Зимой сорок третьего произошло нечто необъяснимое, что встревожило маму и бабушку. Поздний вечер. В доме тишина. Мама сидит у стола в прихожке, занимается починкой. Все спят. И вот она видит, что откуда-то из-под печки появилась черная кошка, она медленно подошла к блюдцу с молоком, из которого обычно лакала наша кошка, полакала и исчезла. Наша серая кошка в это время мирно спала на печке. Маму взяла оторопь. Утром эту историю она рассказала бабушке, они долго потом обсуждали эту тему. Были очень взволнованы: решили, что это знак беды (что вскоре и подтвердилось: получили известие о том, что отец пропал без вести). Они все говорили, что это домовой таким образом хотел предупредить о грядущих несчастьях.
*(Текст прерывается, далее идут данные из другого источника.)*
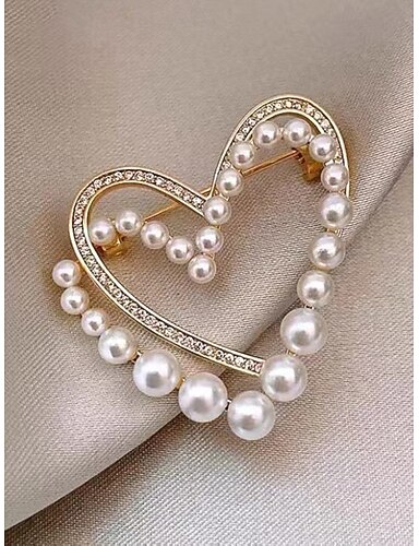 Spilla da donna a forma di cuore in lega e perle finte, disponibili in diversi modelli, ideale per San Valentino, matrimoni e uso quotidiano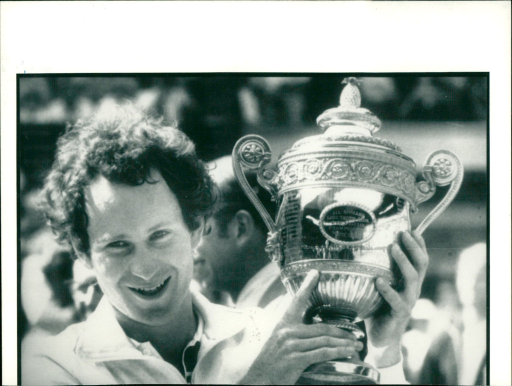 John McEnroe with the Wimbledon trophy - Vintage Photograph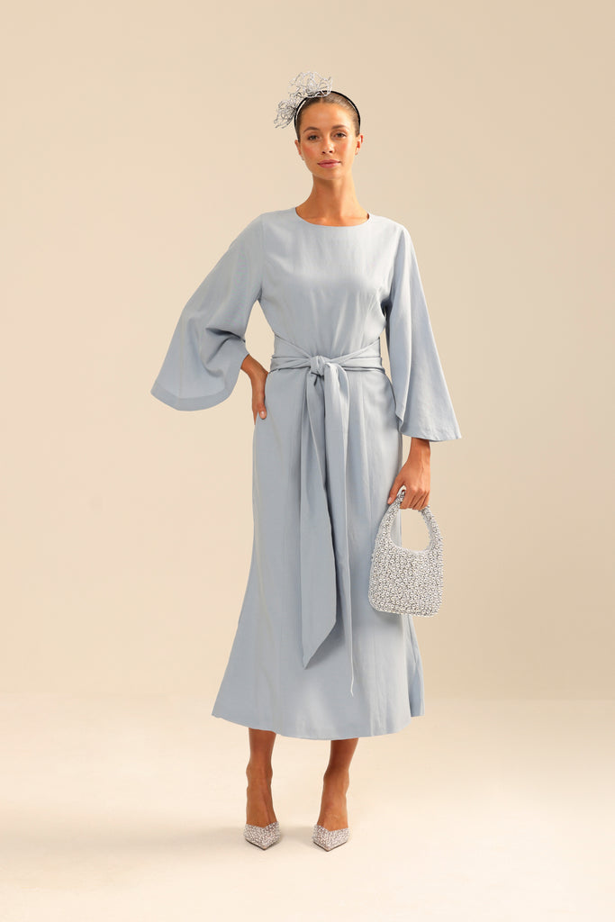 Bubbles first, horses second. This semi-fitted midi is cut from a drapey linen viscose blend, with flared sleeves & a kick out hem that floats as effortlessly as the corks pop. The removable tie lets you cinch for the win or keep it loose as the day wears on. A beautiful figure flattering silhouette. Perfectly primed for sipping, swanning, and staying just a little longer than you planned. In the perfect shade of dusty pastel blue, if you go to The Everest Carnival you are in the correct dress code too. Yoo Hoo!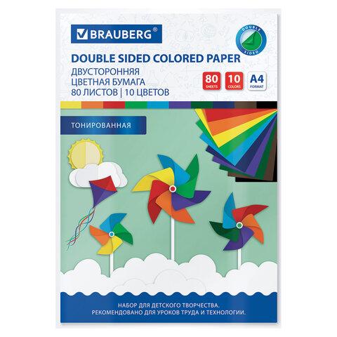 Цветная бумага А4 ТОНИРОВАННАЯ В МАССЕ, 80 листов 10 цветов, склейка, 80 г / м2, BRAUBERG, 113503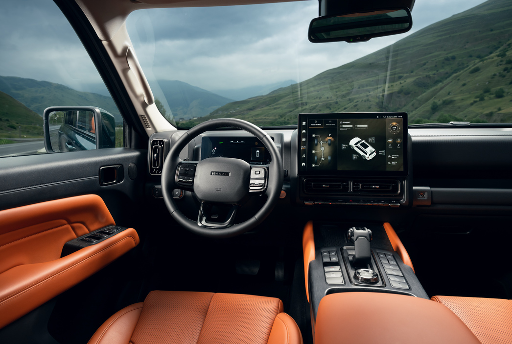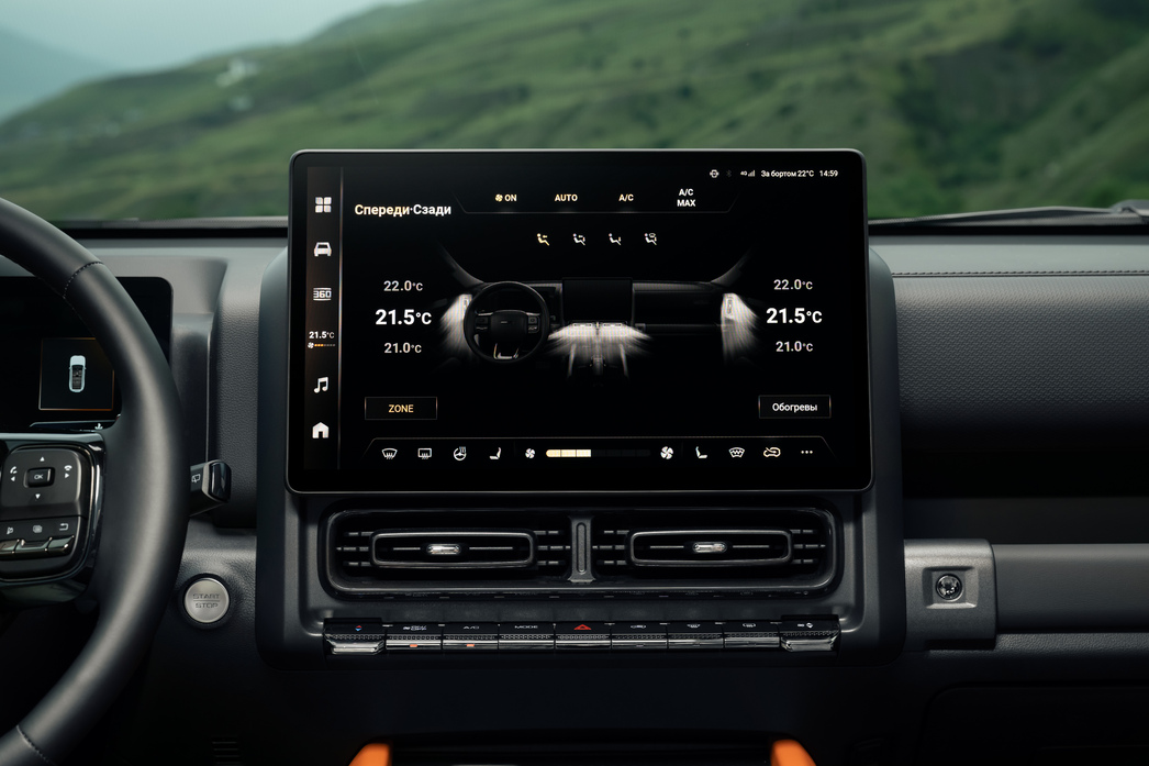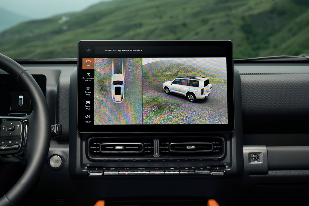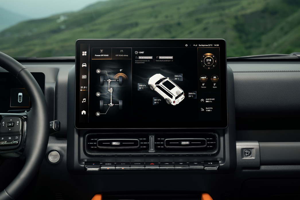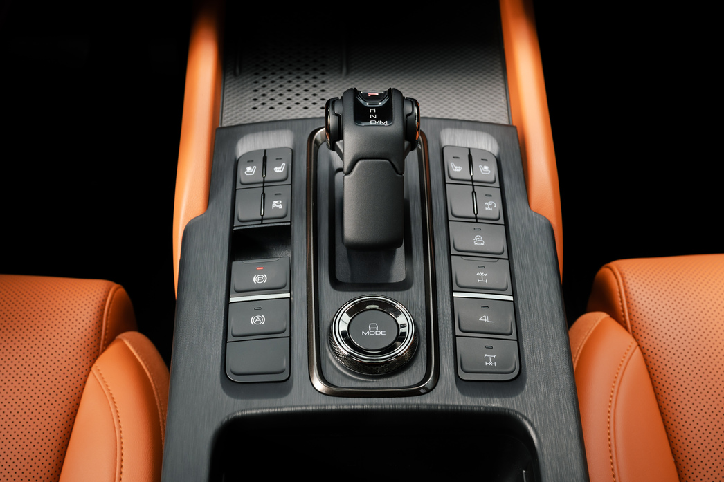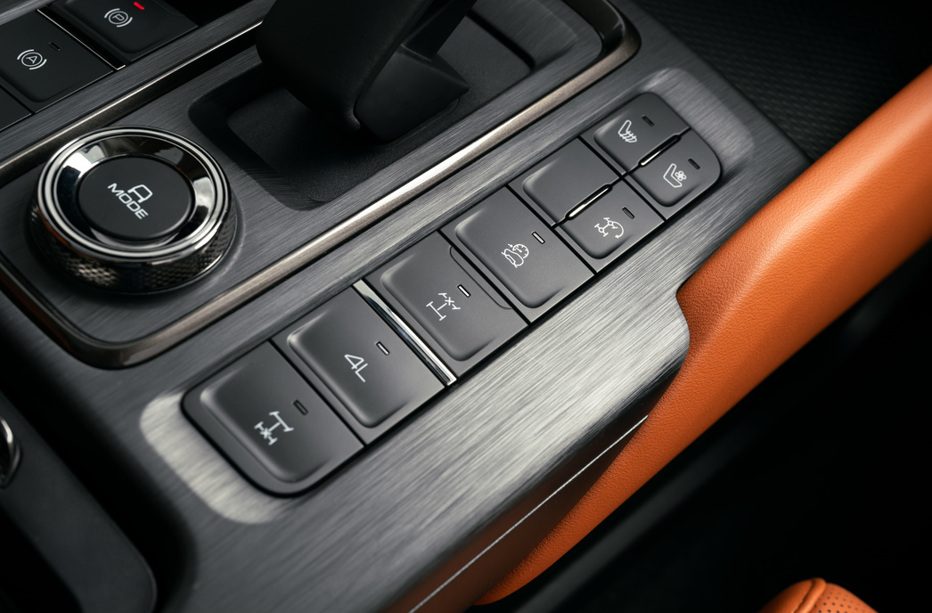 Вместе с визуализацией межосевой и межколесных блокировок эти приборы можно вызвать в меню на центральном 16,4-дюймовом мультимедийном дисплее. Тогда как на центральной консоли раскинулась богатая, прям — золотая, россыпь внедорожных кнопок: шайба выбора режимов движения, подключение понижайки 4L, межколесные блокировки, внедорожный «круиз» и даже кнопка подключения функции так называемого танкового разворота.

А я и сейчас не могу объяснить все это. С улицы кошка не могла попасть, потому что зимой все кошкины ходы были закрыты, завалинки вообще были под снегом. Мама же всегда говорила: «Мне это не поблазнилось. Я слышала, как эта кошка лакала молоко».

Этот год был очень тяжелым для нашей семьи. Лето было дождливое, в огороде стояли лужи, накопали очень мало картошки, ее экономили, тянули до весны. Раз мало картошки, то и того хлеба, что получали по карточкам, не стало хватать. А зарплата у мамы, несмотря на непосильный труд, была совсем небольшая.

Мой брат Анатолий вынужден был оставить учебу (он учился тогда в шестом классе, ему было всего тринадцать лет) и пошел работать на шахту. Бабушка всегда со слезами провожала его на работу. Работал на вентиляторе, потом в механических мастерских. Роба его всегда была промаслена мазутом. Придя с работы, эту робу он оставлял в сенцах. Штаны так и стояли, как он их поставит. Утром опять их надо было надевать. Бабушка вставала ночью и заносила в дом это сооружение, чтобы к утру согрелось. Под эту робу бабушка, конечно, что-то теплое мастерила. Толя был маленький, щупленький, это позволяло ему залезать в какие-то щели в больших механизмах. Мужики в бригаде этим пользовались. И там, где не мог пролезть взрослый мужик, это ловко делал мой брат. Залезет куда-то и, лежа на холодных железяках, что-то там делает. Отвинчивает или, наоборот, завинчивает. Он там и застудил свои почки.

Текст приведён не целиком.